Currently it has changed so that if a property is titled in a LLC and the note is obliagated in the LLC's name that that property and loan will no longer count towards the "financed property," count.
So in theory if you convert your properties into a LLC and have the LLC be obligated on the note then these properties will not count towards your financed properties count. This is atleast what my underwriters have been feeding back to me lately. I was operating under the assumption of the old rule of 24.99% or greater ownership prior.
As Graham mentioned, Fannie is 10 financed properties max and Freddie is 6 max currently.
Use of commercial financing can be a means of obtaining more financed properties. Local credit unions and community banks are most likely going to be your best source of this commercial/portfolio financing when you've exhausted all of your Fannie/Freddie money or you can use them both and in conjunction depending on your preferences.
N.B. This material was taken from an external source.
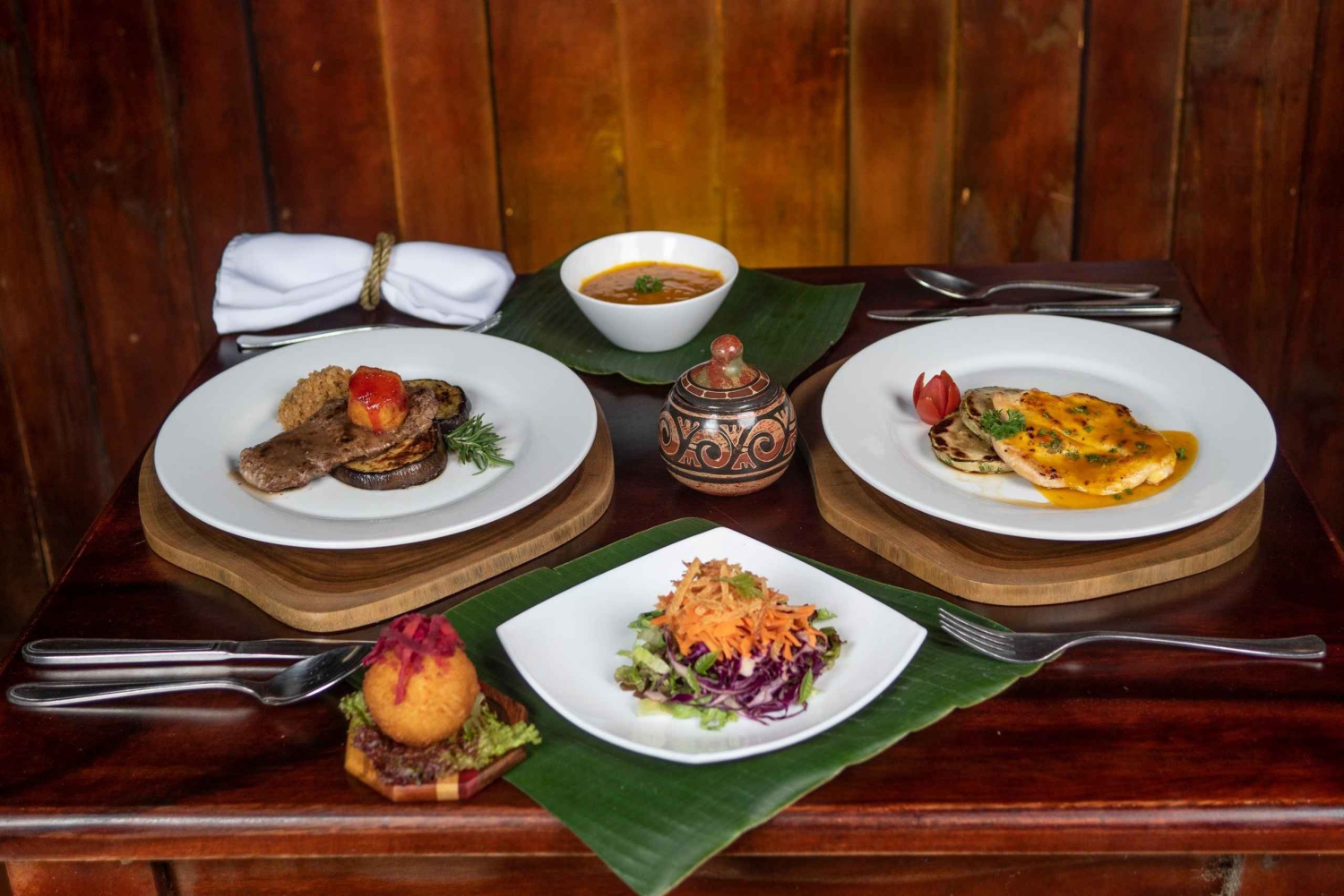 Vandring i regnskogen Ridning på hästryggen Zip-line i trädkronorna Hängande broar Jungle vattenrutschbana Salitral vattenfall 5-rätters gourmetlunch. Genom en utsökt kulinarisk upplevelse av hållbar gastronomi, från natur till bord. Kulturell upplevelse: Kulturell rundtur; besök hos Trapiche, provsmakning av traditionella snacks på La Fonda, Güipipia Gourmet Coffee och keramikverkstad för ursprungsbefolkningen Guaitil Termiska vatten Bad i vulkanisk lera Naturlig bastu TraktoråkningImportant Information

In my experience local commercial money is usually around 1.0 pt in cost to originate with rates around 4.99-6.50% with 5-10 year terms which balloon thereafter and amortization can be found anywhere from 15-30 years, with most being around 20-25 years. In WA, State I've found a 30 year AM 10 year term with .75 pts no prepay at 4.99% so not bad when I cant do conventional I can switch over.
What I like about the portfolio money is that guidelines are based more off DCR or debt coverage ratio rather than comparable sales which present certain benefits depends on the rent to value ratio in your particular area.
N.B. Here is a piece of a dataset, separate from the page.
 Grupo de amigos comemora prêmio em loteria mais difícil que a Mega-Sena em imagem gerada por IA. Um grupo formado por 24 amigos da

@Ross Drucker Have you considered the option, of a Portfolio Loan? The way it works, which varies from lender to lender, is you can refinance all your properties into into a single loan, with a refinance up to 75% of Fair Market Value. With this scenario, lenders will look at the NOI and the ability of the property, to perform over time.
Hi @Ross Drucker ,
If you are buying good properties, DTI should never be an issue.
Rental income is qualifying income, even before it has had an opportunity to appear on tax returns.
Find a REI friendly lender local to you.
@Ross Drucker If you hold all your properties in a entity, to me it makes more sense to finance them commercially. It allows you to free up your personal credit for things you want to do personally. If your truly running a business you will keep business totally separate. To me this also means debts too and for real growth past the hobby investing you'll need to resources in commercial funding.
In the commercial financing world is not about your personal income but does the property cash flow and Debt service. DTI isn't even in the equation.
And to answer your question yes I have had good experiences in Commercial financing usually quicker and easier on 1-4 unit than conventional financing.
Feel free to reach out if you have more in dept questions!
@Ross Drucker You don't need to have your rental income to appear on a tax return for it to be counted. Thats a internal overlay that many lenders apply. Find a lender that will give you rental income credit based on lease and rent payment verification. This will solve your DTI issue and allow you to buy additional properties using Fannie/Freddie loans.
Thanks all for the advice! Much appreciated. I will keep going conventional for now and hopefully try to refi into a commercial loan from a local bank in the near future. Anyone have any bank recommendations in NC that do these kind of loans?